He has kicked the bucket, as the saying is. (Do you like it?) He has popped off. (Do you love it?)
He is eating a dirt sandwich. (It's a big one I caught in the pool where we all go down to drink and fish.)
And when you boil it down, what's left? Why, he has jilted her. Done a runner. Put an egg in his shoe and beat it, hit the road, Jack, took the Midnight Special out of town. He lit out for the Territories. He left the woman who loved him with every cell in her body and every brain in her not-so-smart head, and all she has is this shitty...smucking... shell. She breaks. Lisey breaks. As she bolts forward into his stupid smucking memory nook she seems to hear him saying SOWISA, babyluv - Strap On Whenever It Seems Appropriate, and then that is gone and she begins tearing his plaques and pictures and framed citations from the walls. She picks up the bust of Lovecraft the World Fantasy Award judges gave him for Empty Devils, that hateful book, and throws it the length of the study, screaming "Fuck you, Scott, f**k you! " It's one of the few times she's used the word in its unvarnished form since the night he put his hand through the greenhouse glass, the night of the blood-bool. She was angry with him then but never in her life has she been so angry with him as she is now; if he were here, she might kill him all over again. She's on a full-bore rampage, tearing all that useless vanity crap off the walls until they are bare (few of the things she throws down break on the floor because of the deeppile carpet - lucky for her, she'll think later on, when sanity returns). As she whirls around and around, a tornado now for sure, she screams his name again and again, screams Scott and Scott and Scott, crying for grief, crying for loss, crying for rage; crying for him to explain how he could leave her so, crying for him to come back, oh to come back. Never mind everything the same, nothing is the same without him, she hates him, she misses him, there's a hole in her, a wind even colder than the one that blew all the way down from Yellowknife now blows through her, the world is so empty and so loveless when there's no one in it to holler your name and holler you home. At the end she seizes the monitor of the computer that sits in the memory nook and something in her back gives a warning creak as she lifts it but smuck her back, the bare walls mock her and she is raging. She spins awkwardly with the monitor in her arms and heaves it against the wall.

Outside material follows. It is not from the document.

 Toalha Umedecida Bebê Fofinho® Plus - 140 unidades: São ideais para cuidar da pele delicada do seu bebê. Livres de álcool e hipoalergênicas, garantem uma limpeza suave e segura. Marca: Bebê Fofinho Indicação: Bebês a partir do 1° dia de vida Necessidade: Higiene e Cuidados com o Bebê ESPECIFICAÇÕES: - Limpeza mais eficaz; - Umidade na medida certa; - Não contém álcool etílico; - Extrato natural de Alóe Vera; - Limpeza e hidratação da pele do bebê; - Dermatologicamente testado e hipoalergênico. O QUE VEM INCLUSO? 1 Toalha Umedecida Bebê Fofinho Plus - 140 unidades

There is a hollow shattering noise - POOMP!, it sounds like - and then silence again.
No, there are crickets outside.
Lisey collapses to the littered carpet, sobbing weakly, all in. And does she call him back somehow? Does she call him back into her life by the very force of her angry delayed grief? Has he come like water through a long-empty pipe? She thinks the answer to that is 4
"No," Lisey murmured. Because - crazy as it seemed - Scott seemed to have been at work placing the stations of this bool hunt for her long before he died. Getting in touch with Dr. Alberness, for instance, who happened to have been such a puffickly huh-yooge fan. Somehow laying hands on Amanda's medical records and bringing them to lunch, for heaven's sake. And then the kicker: Mr. Landon said if I ever met you, I should ask you about how he fooled the nurse that time in Nashville.
And...when had he put Good Ma's cedar box under the Bremen bed out in the barn?

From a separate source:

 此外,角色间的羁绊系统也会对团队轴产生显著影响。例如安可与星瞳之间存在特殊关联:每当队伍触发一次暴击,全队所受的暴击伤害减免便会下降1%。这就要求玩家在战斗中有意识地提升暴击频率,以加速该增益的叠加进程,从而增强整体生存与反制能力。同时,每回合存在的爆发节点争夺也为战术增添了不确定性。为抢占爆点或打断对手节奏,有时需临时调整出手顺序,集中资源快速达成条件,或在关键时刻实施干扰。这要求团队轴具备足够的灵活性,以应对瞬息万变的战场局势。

Because surely it had been Scott, she knew she had never put it there. 1996?
( hush)
In the winter of 1996, when Scott's mind had broken and she had
( YOU HUSH NOW LISEY! )
All right...all right, she would hush about the winter of '96 - for now - but that felt about right. And...

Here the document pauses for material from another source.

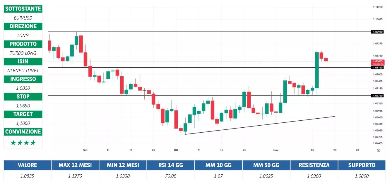 Prima di adottare una decisione di investimento al fine di comprendere appieno i potenziali rischi e benefici connessi alla decisione di investire negli strumenti finanziari quivi menzionati, si invita a leggere attentamente la relativa documentazione di offerta e/o quotazione e, in particolare, le sezioni dedicate ai fattori di rischio connessi all’investimento, ai relativi costi e al trattamento fiscale, e il relativo documento contenente le informazioni chiave (KID), ove disponibile. Tale documentazione è disponibile sul sito web investimenti.bnpparibas.it. L’investimento negli strumenti finanziari quivi menzionati può comportare il rischio di perdita totale o parziale del capitale inizialmente investito. Ove tali strumenti finanziari siano venduti prima della scadenza, l’investitore potrà incorrere anche in perdite in conto capitale. Nel caso in cui tali strumenti finanziari siano acquistati o venduti nel corso della loro durata, il rendimento potrà variare. La presente pubblicazione costituisce materiale pubblicitario e le informazioni in essa contenute hanno scopo meramente informativo e promozionale e non sono da intendersi in alcun modo come ricerca, sollecitazione o raccomandazione all’investimento, offerta al pubblico o consulenza in materia di investimenti. Le informazioni e i grafici a contenuto finanziario quivi riportati sono meramente indicativi e hanno scopo esclusivamente esemplificativo e non esaustivo. I rendimenti passati non sono indicativi, né sono garanzia, dei rendimenti futuri. È responsabilità dell’investitore effettuare un’accurata analisi di tutti i profili fiscali, legali e regolamentari (inclusi i fattori di rischio, tra i quali, i fattori di rischio legati ai tassi di interesse, i fattori di rischio di default e i fattori di rischio legati all’assenza di liquidità) connessi all’investimento negli strumenti finanziari quivi menzionati. BNP Paribas e/o altra società del gruppo BNP Paribas non potranno essere considerate responsabili delle conseguenze finanziarie o di altra natura derivanti dall’investimento in tali strumenti finanziari. Informazioni aggiornate sulla quotazione di questi ultimi sono disponibili sul sito web investimenti.bnpparibas.it. Le raccomandazioni di investimento quivi contenute non soddisfano i requisiti di legge relativi all’indipendenza della ricerca in materia di investimenti e non sono soggette ad alcun divieto di esecuzione di operazioni su strumenti finanziari prima della loro divulgazione.

A bool hunt. But why? To what purpose? To allow her to face in stages something she couldn't face all at once? Maybe. Probably. Scott would know about such things, would surely sympathize with a mind that would want to hide its most terrible memories behind curtains or squirrel them away in sweet-smelling boxes.
A good bool.
Oh Scott, what's good about this? What's good about all this pain and sorrow?
A short bool.
If so, the cedar box was either the end or close to the end, and she had an idea that if she looked much further, there would be no going back.
Baby, he sighed...but only in her head. There were no ghosts. Only memory. Only the voice of her dead husband. She believed that; she knew it. She could close the box. She could draw the curtain. She could let the past be past.
Babyluv.
He would always have his say. Even dead, he would have his say.
She sighed - it was a wretched, lonely sound to her own ears - and decided to go on. To play Pandora after all.